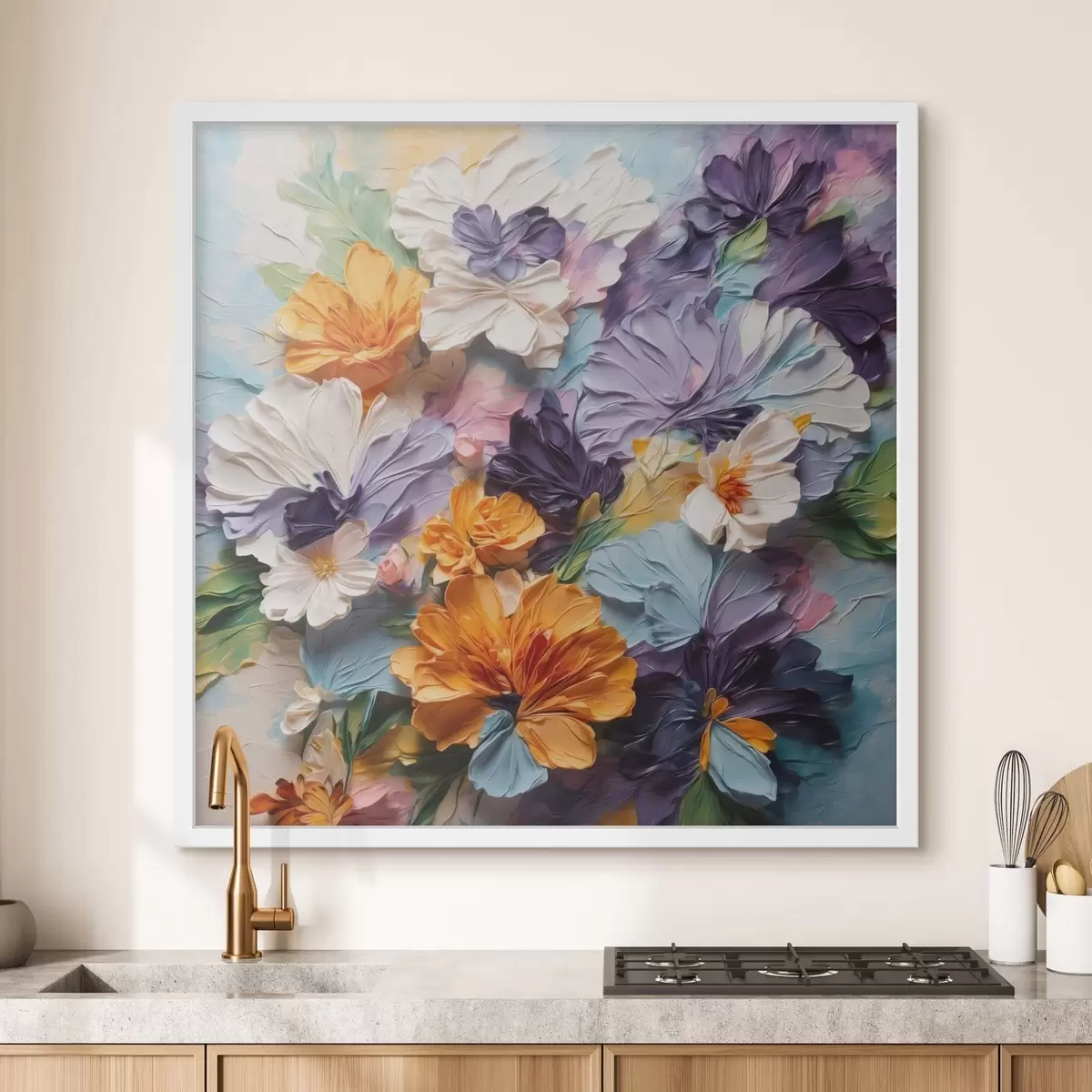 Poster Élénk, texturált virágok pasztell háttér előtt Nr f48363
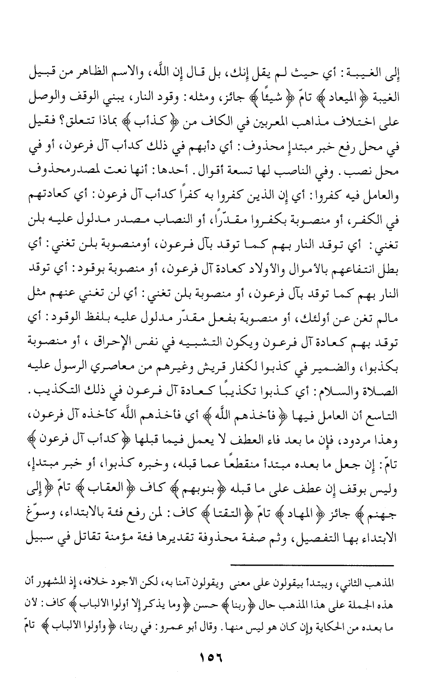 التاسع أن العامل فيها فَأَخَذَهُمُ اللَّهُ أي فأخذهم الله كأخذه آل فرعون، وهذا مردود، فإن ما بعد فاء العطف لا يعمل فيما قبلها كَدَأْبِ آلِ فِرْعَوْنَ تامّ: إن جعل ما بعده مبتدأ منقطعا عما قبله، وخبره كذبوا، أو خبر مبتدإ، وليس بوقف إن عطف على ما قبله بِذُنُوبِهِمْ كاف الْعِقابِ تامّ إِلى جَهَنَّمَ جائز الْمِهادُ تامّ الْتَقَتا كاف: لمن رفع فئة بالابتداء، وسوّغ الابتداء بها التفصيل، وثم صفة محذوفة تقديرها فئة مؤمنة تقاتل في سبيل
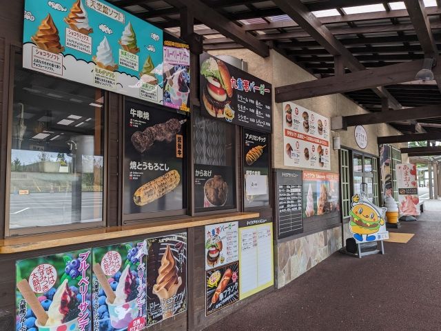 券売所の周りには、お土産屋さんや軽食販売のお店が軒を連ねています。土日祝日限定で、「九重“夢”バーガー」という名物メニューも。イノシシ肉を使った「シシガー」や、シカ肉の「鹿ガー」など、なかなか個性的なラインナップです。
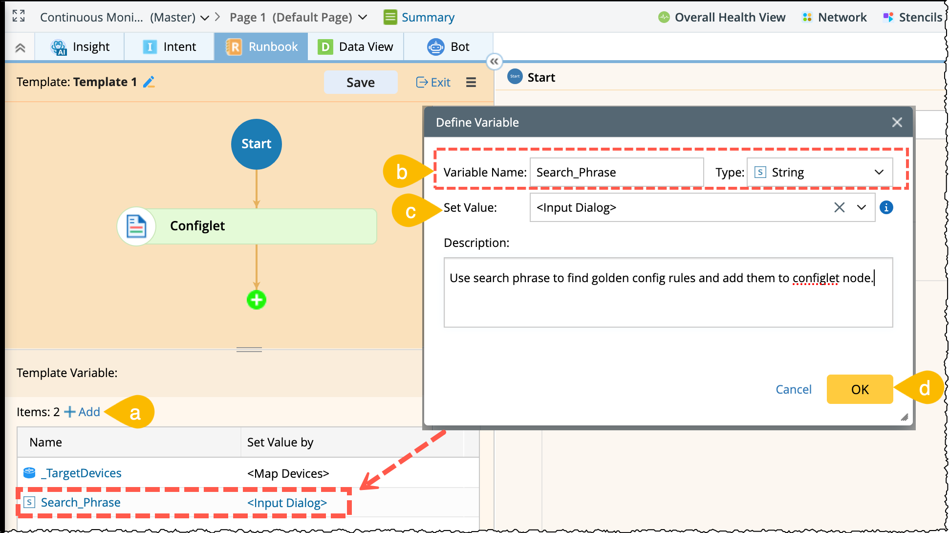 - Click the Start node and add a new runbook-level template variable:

• [PROBLEM TO WORK ON]:
Exactly the lines from the top of the listing through the line with "券売所の周りには、お土産屋さ", and no pictures, should be printed.

• [ANSWER TO THIS PROBLEM]:
 Poster Élénk, texturált virágok pasztell háttér előtt Nr f48363
 التاسع أن العامل فيها فَأَخَذَهُمُ اللَّهُ أي فأخذهم الله كأخذه آل فرعون، وهذا مردود، فإن ما بعد فاء العطف لا يعمل فيما قبلها كَدَأْبِ آلِ فِرْعَوْنَ تامّ: إن جعل ما بعده مبتدأ منقطعا عما قبله، وخبره كذبوا، أو خبر مبتدإ، وليس بوقف إن عطف على ما قبله بِذُنُوبِهِمْ كاف الْعِقابِ تامّ إِلى جَهَنَّمَ جائز الْمِهادُ تامّ الْتَقَتا كاف: لمن رفع فئة بالابتداء، وسوّغ الابتداء بها التفصيل، وثم صفة محذوفة تقديرها فئة مؤمنة تقاتل في سبيل
 券売所の周りには、お土産屋さんや軽食販売のお店が軒を連ねています。土日祝日限定で、「九重“夢”バーガー」という名物メニューも。イノシシ肉を使った「シシガー」や、シカ肉の「鹿ガー」など、なかなか個性的なラインナップです。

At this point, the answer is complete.